7*2^332191-1 is not prime.  LLR Res64: F9F68E1E93C80AD4  Time : 90.423 sec.
9*2^332191-1 is not prime.  LLR Res64: 647E0ADBF224F9BB  Time : 90.590 sec.
3*5^143067-1 is not prime.  RES64: CAF5E343491784FF.  OLD64: 60E1A9C9DB468EFA  Time : 97.941 sec.
4*5^143067-1 is not prime.  RES64: 13F277C23E6E6CDE.  OLD64: 2CE26F06449181B1  Time : 97.896 sec.
6*5^143067-1 is not prime.  RES64: 57F729330E0D6FE8.  OLD64: 07E57B992A284FB5  Time : 97.920 sec.

Results:
Average base 2 time: 90.507 sec
Average base 5 time: 97.919 sec
At 100,000 digits with very small k, base 2 is 7.57% faster than base 5.

[Mini-Geek]

I have a feeling that the granularity coming from the FFT size choosing is, in a way, throwing the data off. That might explain the large difference between the tests where base 2 is about 7% faster and where it's about 20% faster than other bases.

[gd_barnes]

Quote:

Originally Posted by Mini-Geek

I have a feeling that the granularity coming from the FFT size choosing is, in a way, throwing the data off. That might explain the large difference between the tests where base 2 is about 7% faster and where it's about 20% faster than other bases.

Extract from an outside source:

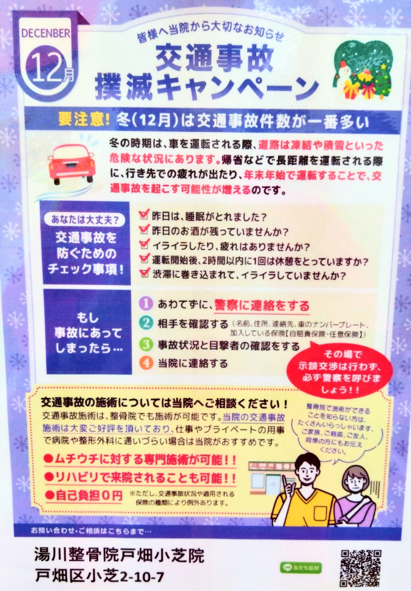 当院では交通事故の啓蒙活動を行うと共に、覚えておくといざという時に役に立つ情報をお届けしております!(‘ω’)ノ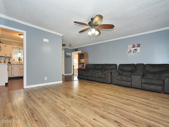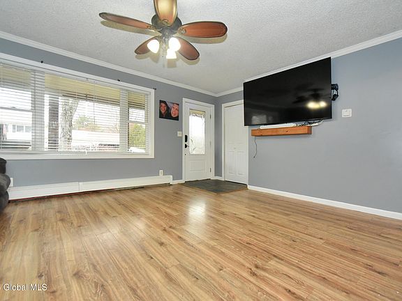 Enjoy single-level living in this charming ranch on a quiet cul-de-sac. Filled with natural light, the home features an updated kitchen with white cabinetry and stainless steel appliances. The spacious primary suite boasts dual sinks, a ceramic tile shower, walk-in closet, and French doors opening to a generous backyard—perfect for summer entertaining. Plenty of space for all your outdoor gear, including a storage shed. Recent updates include electrical panel, electric baseboards in the primary bedroom, hot water heater, and French drains. Conveniently located minutes from local schools, Saratoga Springs, and South Glens Falls.

Can you explain what granularity means in this context?

I'm wondering if my I7 would have the same difference for those various small tests. I'll make time to check it later today.

[Mini-Geek]

Quote:

Originally Posted by gd_barnes

Can you explain what granularity means in this context?

Since the FFT length increases in discrete jumps, the time it takes for tests does not increase linearly, (smoothly) but in big jumps, (granularly...whether I just invented that word or not ) and that the effects of those jumps might easily mean the difference between 0%, 7%, or 20% improvement (rather than only the factors we're trying to vary: digit size, base, and k).
To sum the whole statement up: take our results with a grain of salt (no pun intended), since they don't account for FFT changes.

[gd_barnes]

Quote:

Originally Posted by Mini-Geek

Since the FFT length increases in discrete jumps, the time it takes for tests does not increase linearly, (smoothly) but in big jumps, (granularly...whether I just invented that word or not ) and that the effects of those jumps might easily mean the difference between 0%, 7%, or 20% improvement (rather than only the factors we're trying to vary: digit size, base, and k).
To sum the whole statement up: take our results with a grain of salt (no pun intended), since they don't account for FFT changes.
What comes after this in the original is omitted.